The detective quietly interrupted. "It took us a few hours to track you down. Initially, we assumed your father was the primary family connection, but then we realized…"
"That he's in a rest home."
"Yes. So from there, we tried to ascertain if your brother had any other direct relatives—which is how we came across your name. Obviously, you weren't at your home address, so we tracked you down through the university, and then where you'd be lecturing at this hour—all of which is to say, this all took time. It has been a few hours since the event. Initially we weren't certain if your brother fell down the stairs or if there could have been foul play—"

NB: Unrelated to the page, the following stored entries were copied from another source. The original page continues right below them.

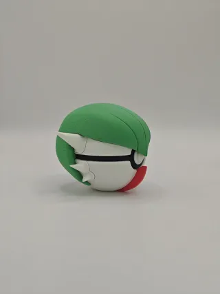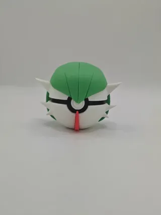 Figura coleccionable de la Pokéball con diseño de Gardevoir. Fabricada en impresora 3D - Diseño inspirado en Pokémon. - Colores verde, blanco y negro.
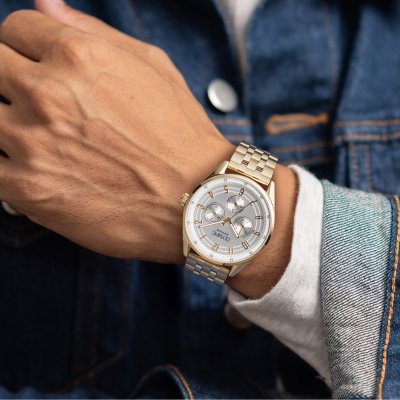 This Olympic watch has a case made of stainless steel with a diameter of 40 mm and is fitted with a stainless steel band. Inside the case lies a Miyota movement and the watch features a Sapphire crystal.
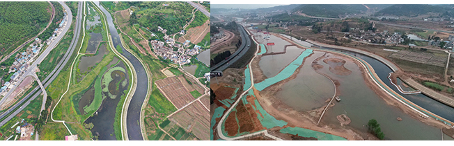 4.楚雄市龍川江西觀橋斷面水體達(dá)標(biāo)工程,通過(guò)實(shí)施污染底泥疏浚、橡膠壩、生態(tài)河堤建設(shè)、生態(tài)濕地恢復(fù)等一系列水環(huán)境治理及水生態(tài)修復(fù)工程,龍川江西觀橋國(guó)控?cái)嗝嬉延?span>2019年從重點(diǎn)整治的劣Ⅴ類國(guó)控?cái)嗝嬷幻摿?,提前一年達(dá)到水環(huán)境功區(qū)劃IV標(biāo)準(zhǔn)。
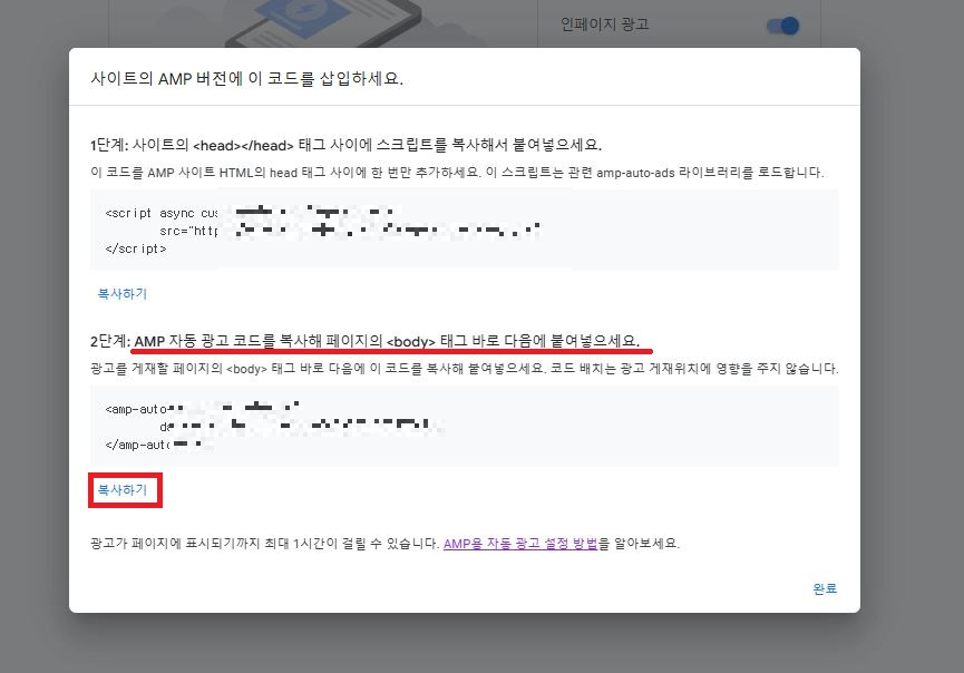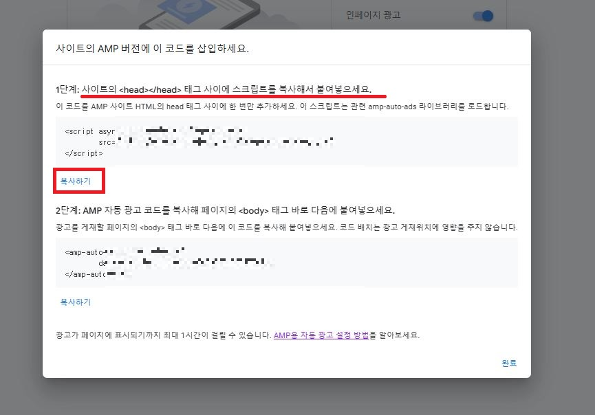 자동광고를 설정하기 위해 코드 두 가지를 블로그에 붙여 넣어야 한다.
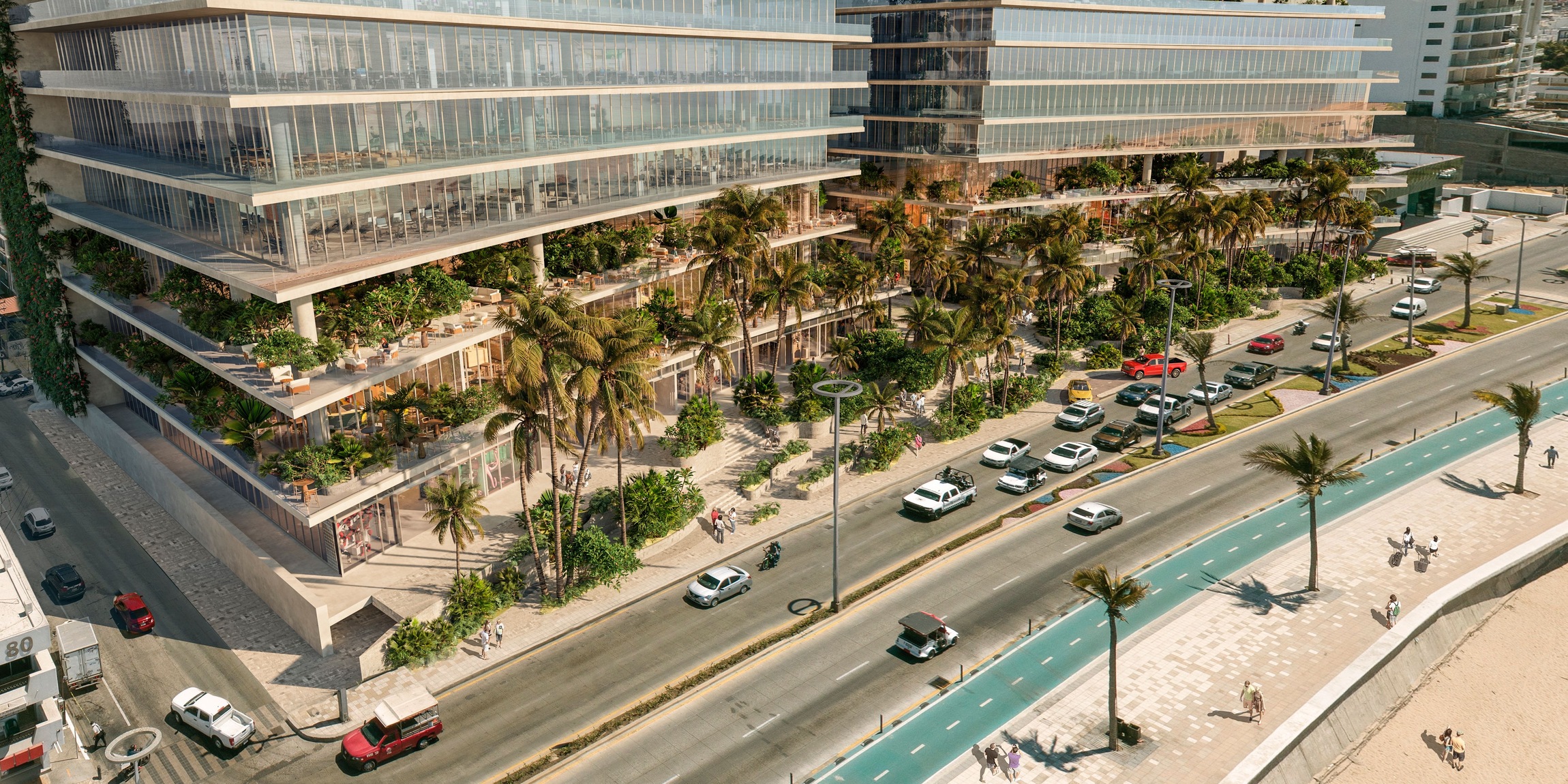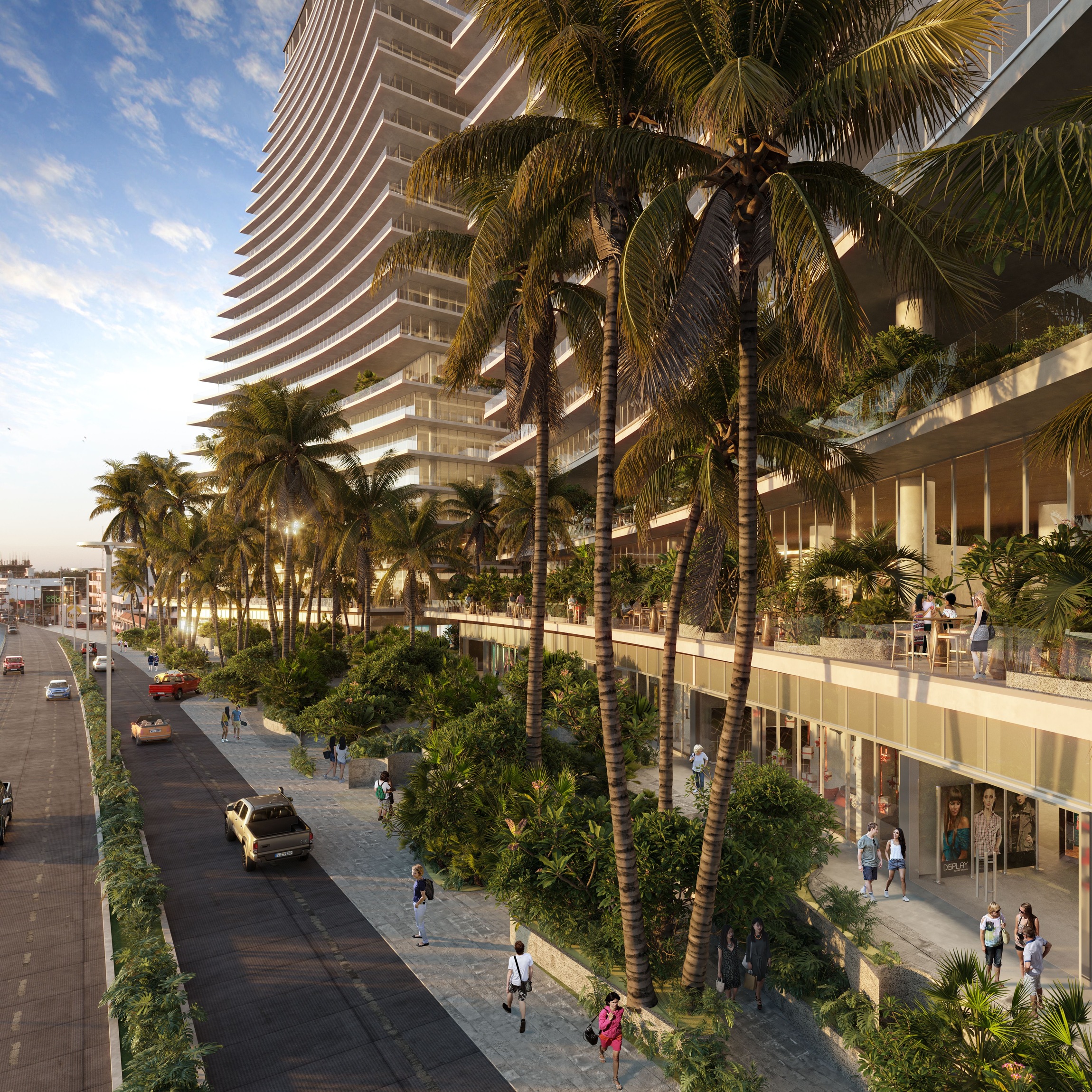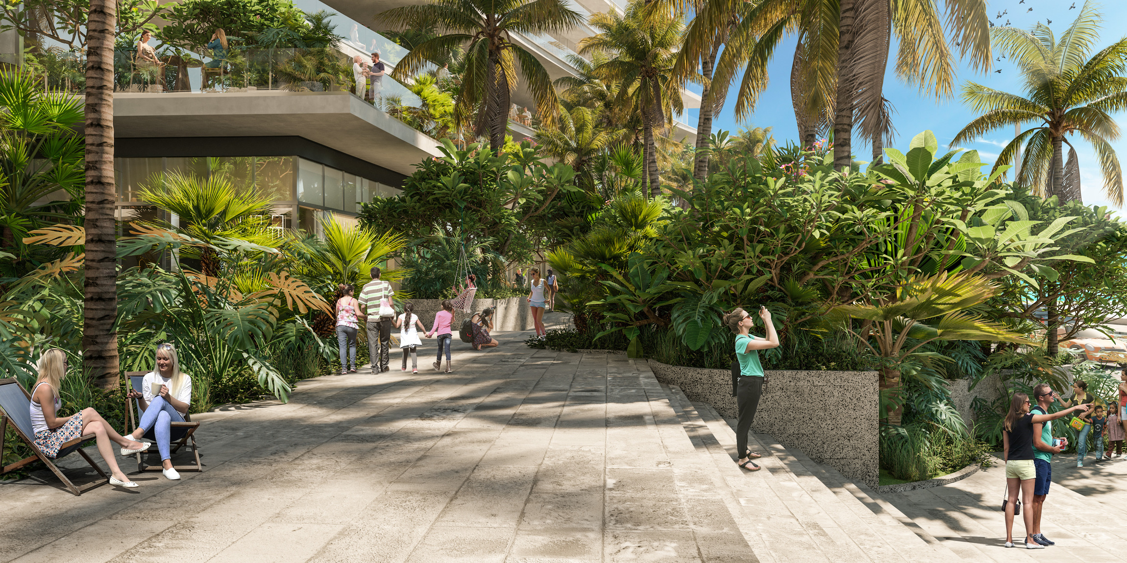 The retail and dining areas at ground level are enhanced with expansive terraces, lush gardens, mature trees, and water features that offer shade, freshness, and comfort to both visitors and residents. These elements create a vibrant, walkable environment that activates the street and connects seamlessly with the beach and boardwalk.
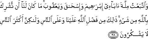 | 12.38 | And I have followed the religion of my fathers, Abraham and Isaac and Jacob. It never was for us to attribute aught as partner to Allah. This is of the bounty of Allah unto us (the seed of Abraham) and unto mankind; but most men give not thanks. | Wa Attaba`tu Millata 'Ābā'ī 'Ibrāhīma Wa 'Isĥāqa Wa Ya`qūba Mā Kāna Lanā 'An Nushrika Billāhi Min Shay'in Dhālika Min Fađli Allāhi `Alaynā Wa `Alá An-Nāsi Wa Lakinna 'Akthara An-Nāsi Lā Yashkurūna |
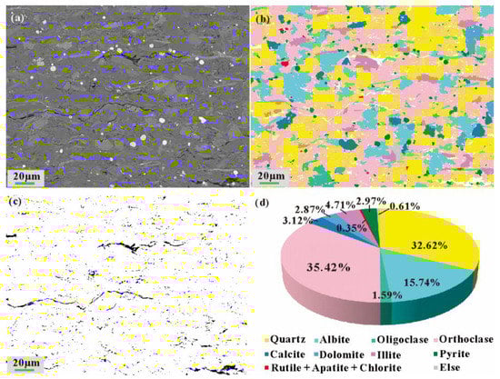 Based on a 300 μm × 300 μm region of a BSE image (Figure 3a), the mineral compositions of shale specimens were obtained using AMICS (Figure 3b). Clay minerals, albite, and organic-matter are aligned parallel to the bedding (Figure 3a). The quantitative AMICS results (Figure 3d) show that the quartz content in Longmaxi Formation shale is approximately 32.62 wt %. Other minerals include orthoclase (35.42 wt %), plagioclase (albite and oligoclase, 17.33 wt %), carbonates (calcite and dolomite, 5.99 wt %), clay minerals (illite, 4.73 wt %; chlorite, 0.02 wt %), pyrite (2.97 wt %), and minor rutile and apatite (0.33 wt %). Brittle minerals (quartz, feldspar and calcite []) dominate (88.49 wt %) the Longmaxi shale. Calculations based on gray-scale segmentation of the BSE image using the ImageJ program indicate that both organic matter and pores account for about 2.66% of the total area in the Longmaxi shale (Figure 3c).
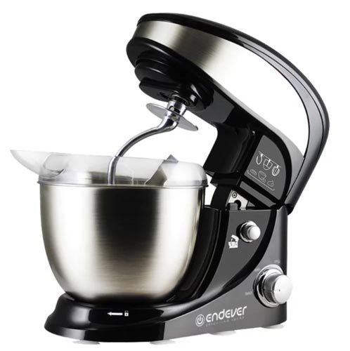 Stacionarni planetarni mikser za kuću ENDEVER SM-10 skreće pozornost na njegov izgled. Njegov dizajn podrazumijeva lagano podizanje glave, a tijelo je izrađeno u neobičnom stilu. Kombinacija crnih i metalik boja savršeno će se uklopiti u svaki interijer. Posuda od 4 litre izrađena je od nehrđajućeg čelika i opremljena je posebnim zaštitnim poklopcem. Tijekom rada ne možete brinuti o prskanju mase.
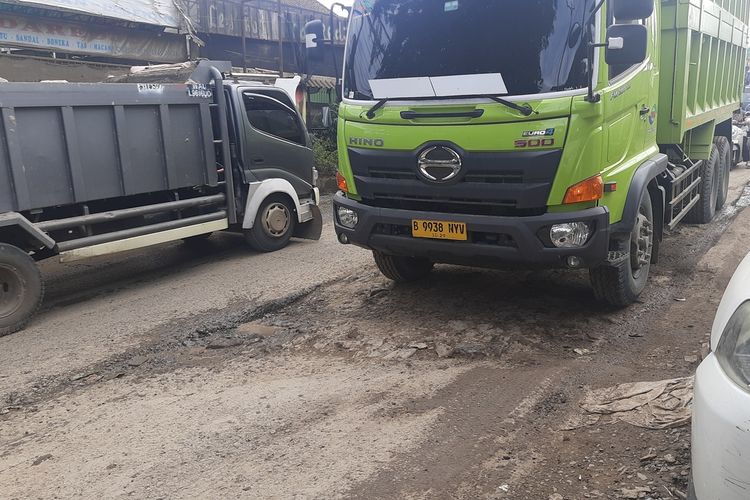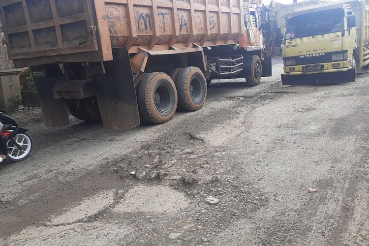 Kondisi jalan yang dilintasi truk tambang di Gunung Sindur hingga Parung Panjang, Kabupaten Bogor, Jawa Barat, Rabu (8/1/2025).Beruntung, warga sekitar segera memberikan pertolongan. Sementara keponakannya menangis ketakutan.

Impatiently, Cord pushed away from the desk. Bassett was talking a lot, but saying very little, arousing Cord's worry buttons even more. Obviously, his brother hadn't had an accidental fall. And obviously, even a murder must have had unusually complicated implications, or these two men would never have shown up together.
"What do you need from me?" he asked curtly, addressing the private cop rather than the detective. The man had been silent all this time, but Cord sensed he was the higher authority of the two.
"Mr. Pruitt…the situation is complex."
Cord had already guessed that. Situations involving Jon were always complicated. He rubbed the back of his neck, trying to fathom how his dad was going to survive this.
"Are you familiar with a young woman named Sophie Campbell?"
"No," Cord said.
"She's the tenant who lived next door to your brother—from the time she moved here, somewhere around nine months ago. She's the person who found him. She apparently knew your brother quite well."
Cord sighed. "So did a lot of women."
Bullets kept shooting through his mind. Funeral arrangements had to be made. Someone had to deal with his brother's business, from bills to belongings. Their father was hooked up to oxygen full-time, wouldn't be able to handle anything—just telling him would be a crisis in itself—and thank God they'd lost their mother, because she'd have crumpled to find out what Jon had become and how he'd died.